About this exercise => The listing below should be reproduced precisely, except for its images.

Dataset extract =>
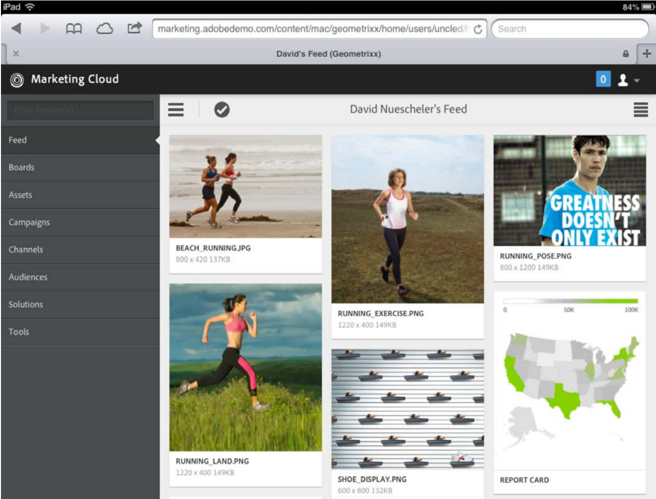 Creative professionals can create designs right inside the Adobe creative products like Photoshop, and have their designs shared right to Marketing Cloud for the marketing organization to review, provide feedback, and send back to the creative employees for revision. Both creatives and marketers in the organization can all review new data in a Pinterest-like "feed" within Adobe Marketing Cloud, comment, make annotations, and collaborate around everything shared on the platform.
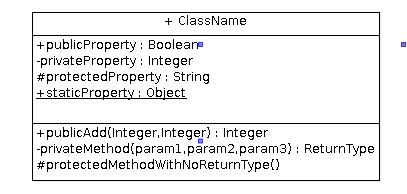 Classes which implement the interface are linked using a dashed full arrow. Again, methods defined on the interface are not repeated.
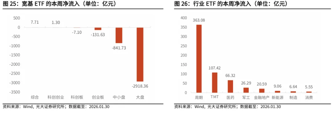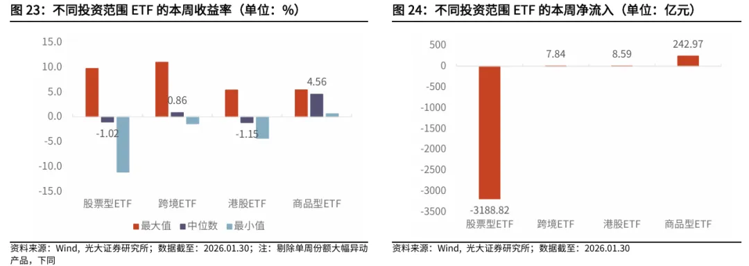 截至2026年1月29日,融资余额为27222.32亿元,较2026年1月23日(27061.41亿元)融资增加额为160.91亿元。股票型ETF本周收益中位数为-1.02%,资金净流出3188.82亿元。跨境ETF本周收益中位数为0.86%,资金净流入7.84亿元。港股ETF本周收益中位数为-1.15%,资金净流入8.59亿元。商品型ETF本周收益中位数为4.56%,资金净流入242.97亿元。宽基ETF方面,本周综合主题ETF资金净流入居前,合计流入7.71亿元。行业ETF方面,本周周期主题ETF资金净流入明显,合计流入363.08亿元。

The answer =>
 Creative professionals can create designs right inside the Adobe creative products like Photoshop, and have their designs shared right to Marketing Cloud for the marketing organization to review, provide feedback, and send back to the creative employees for revision. Both creatives and marketers in the organization can all review new data in a Pinterest-like "feed" within Adobe Marketing Cloud, comment, make annotations, and collaborate around everything shared on the platform.
 Classes which implement the interface are linked using a dashed full arrow. Again, methods defined on the interface are not repeated.
 截至2026年1月29日,融资余额为27222.32亿元,较2026年1月23日(27061.41亿元)融资增加额为160.91亿元。股票型ETF本周收益中位数为-1.02%,资金净流出3188.82亿元。跨境ETF本周收益中位数为0.86%,资金净流入7.84亿元。港股ETF本周收益中位数为-1.15%,资金净流入8.59亿元。商品型ETF本周收益中位数为4.56%,资金净流入242.97亿元。宽基ETF方面,本周综合主题ETF资金净流入居前,合计流入7.71亿元。行业ETF方面,本周周期主题ETF资金净流入明显,合计流入363.08亿元。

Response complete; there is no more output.